### Requirement
Below are lines of data, and only some are wanted. Please repeat exactly those from the line that has "1º LUGAR NOME" through the line that has "excelentes, trabalhos apresentados.".
START Exercise data
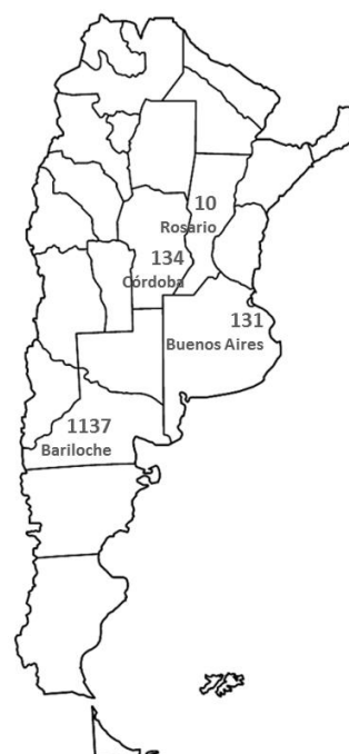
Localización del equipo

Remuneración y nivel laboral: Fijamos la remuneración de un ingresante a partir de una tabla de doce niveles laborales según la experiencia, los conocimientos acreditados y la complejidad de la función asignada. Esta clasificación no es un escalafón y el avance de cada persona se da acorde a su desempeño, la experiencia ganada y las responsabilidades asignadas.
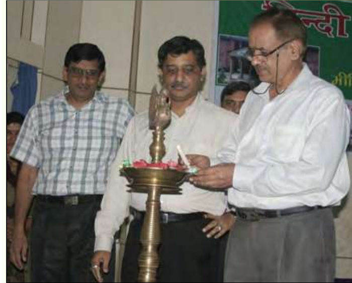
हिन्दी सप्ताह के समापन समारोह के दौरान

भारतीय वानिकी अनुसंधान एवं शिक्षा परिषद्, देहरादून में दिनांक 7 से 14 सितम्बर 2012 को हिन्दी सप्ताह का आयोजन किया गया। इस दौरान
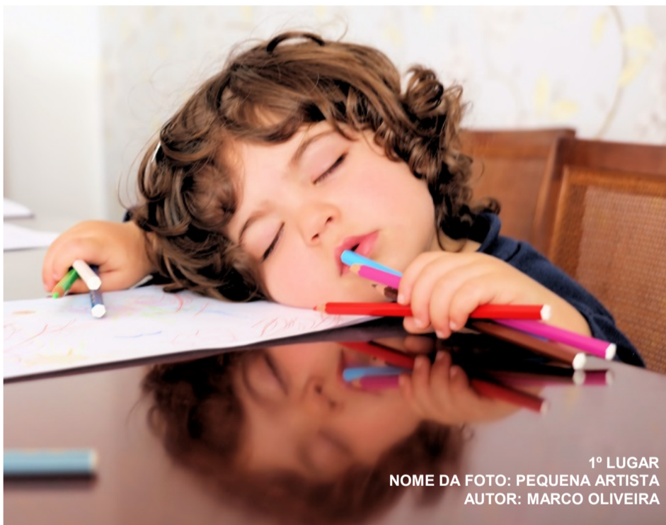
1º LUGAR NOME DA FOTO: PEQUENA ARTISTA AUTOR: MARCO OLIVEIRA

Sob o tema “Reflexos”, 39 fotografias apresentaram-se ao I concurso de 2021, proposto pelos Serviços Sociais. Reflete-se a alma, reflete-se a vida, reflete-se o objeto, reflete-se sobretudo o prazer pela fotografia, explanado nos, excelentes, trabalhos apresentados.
END Exercise data
START Exercise data
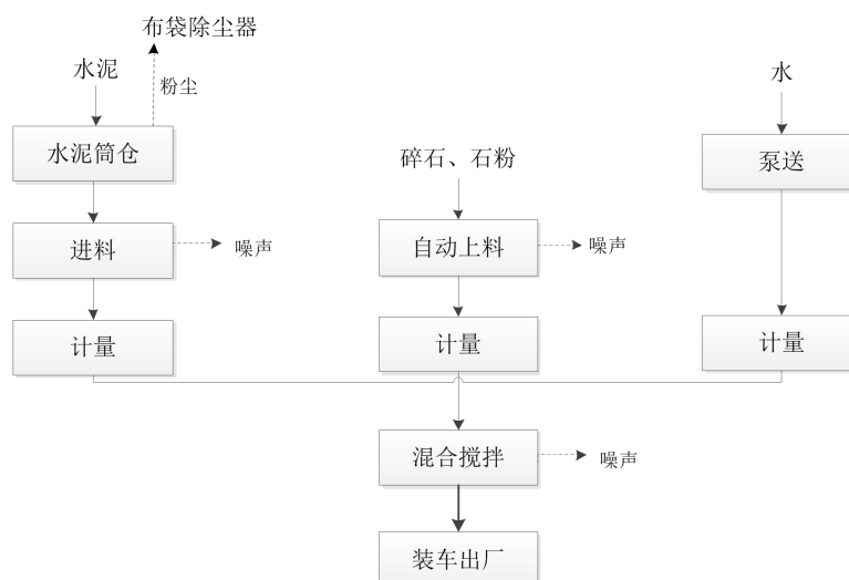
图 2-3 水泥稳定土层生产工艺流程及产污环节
END Exercise data
### Answer for the task
1º LUGAR NOME DA FOTO: PEQUENA ARTISTA AUTOR: MARCO OLIVEIRA

Sob o tema “Reflexos”, 39 fotografias apresentaram-se ao I concurso de 2021, proposto pelos Serviços Sociais. Reflete-se a alma, reflete-se a vida, reflete-se o objeto, reflete-se sobretudo o prazer pela fotografia, explanado nos, excelentes, trabalhos apresentados.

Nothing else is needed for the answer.